By  //  December 18, 2022

team finished first place with 100% accuracy and 2,755 pts out of 3,000

Florida Tech’s cybersecurity competition team is ending the year on top. The L3Harris Institute for Assured Information FITSEC team is the No. 1 ranked cybersecurity team in the nation, according to the National Cyber League. (Florida Tech image)

BREVARD COUNTY • MELBOURNE, FLORIDA – Florida Tech’s cybersecurity competition team is ending the year on top. The L3Harris Institute for Assured Information FITSEC team is the No. 1 ranked cybersecurity team in the nation, according to the National Cyber League.

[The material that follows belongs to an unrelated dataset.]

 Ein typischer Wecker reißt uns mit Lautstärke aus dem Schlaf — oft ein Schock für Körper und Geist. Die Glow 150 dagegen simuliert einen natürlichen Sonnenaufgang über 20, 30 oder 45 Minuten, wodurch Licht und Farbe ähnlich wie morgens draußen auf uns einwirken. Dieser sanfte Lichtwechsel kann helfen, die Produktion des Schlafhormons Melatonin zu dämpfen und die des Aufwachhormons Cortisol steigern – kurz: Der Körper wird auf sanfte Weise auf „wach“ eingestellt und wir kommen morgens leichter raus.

The team also ranked first in 2021.

Centered on the biannual National Cyber League competition, the Cyber Power Rankings feature the top 100 schools in the NCL. After a stellar showing at the Fall 2022 competition, FITSEC was the best.

The team “reigned supreme,” according to the NCL news release, coming in first place with 100% accuracy and 2,755 points out of 3,000 total points. The next closest team had 94% accuracy.

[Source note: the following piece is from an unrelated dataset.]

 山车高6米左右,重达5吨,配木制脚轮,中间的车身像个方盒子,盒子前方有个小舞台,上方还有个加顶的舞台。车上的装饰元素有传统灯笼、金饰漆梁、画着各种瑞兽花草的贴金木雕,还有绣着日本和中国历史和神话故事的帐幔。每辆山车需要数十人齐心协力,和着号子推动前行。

The Fall 2022 competition included 7,500 students from 470 high schools, colleges and universities representing all 50 states.

“Everyone wants a chance to learn how much their hard work has paid off. National Cyber League allows students to compare their progress against their peers on a national stage,” said TJ O’Connor, assistant professor and chair of the cybersecurity program and faculty advisor for FITSEC .

“To be the best, you have to beat the best. But there’s no rest: Next semester will be twice as hard as other participants double their efforts to beat us. This healthy competitiveness only helps to make our students and our peers better as we grow stronger together.”

Student Curtice Gough, who solved the final challenge at the Fall competition with just seven minutes remaining, said NCL was instrumental in his journey to becoming a cyber warrior.

“NCL is what got me started in cyber,” he said.

“One of my classmates recommended that I sign up last fall, and I really enjoyed it. Going through NCL’s Gymnasium practice challenges taught me enough to get started, and I changed my major to computer science with a cybersecurity concentration the following semester.”

The NCL competition enables students to prepare and test themselves against practical cybersecurity challenges they will likely face in the workforce, such as identifying hackers from forensic data, pen-testing and auditing vulnerable websites, recovering from ransomware attacks, and additional cyber skillsets.

Organizers say the competition allows students to put their classroom learning to the test.

“The NCL gives students real-world cybersecurity exercises that represent the work that professionals do on a daily basis, so they are equipped to demonstrate their skills to an employer,” said Franz Payer, CEO of Cyber Skyline, a cloud-based cybersecurity skills evaluation platform that works with NCL to operate the competition. (Florida Tech image)

“The NCL gives students real-world cybersecurity exercises that represent the work that professionals do on a daily basis, so they are equipped to demonstrate their skills to an employer,” said Franz Payer, CEO of Cyber Skyline, a cloud-based cybersecurity skills evaluation platform that works with NCL to operate the competition.

“When they go to an interview and are asked, ‘Do you know how to identify a hacker using log files?’ they can say, ‘Yes, and let me tell you how I did that during NCL.’ That experience becomes invaluable when applying for jobs.”

Launched in 2019 by student and US Army veteran Josh Connolly and a few of his computer engineering peers, FITSEC has grown to include over 80 students.

The team is championed by Executive Vice President and Provost Marco Carvalho, who provides support and funding as executive director of the L3Harris Institute of Assured Information. FITSEC has become a top national team since its creation, with multiple first-place and top-10 placements.

The team draws its ranks from Florida Tech’s cyber operations curriculum, which O’Connor, a retired U.S. Army lieutenant colonel, established in 2019. O’Connor was joined by Sneha Sudhakaran, an expert in mobile security and forensics, as a co-coach of the team this year.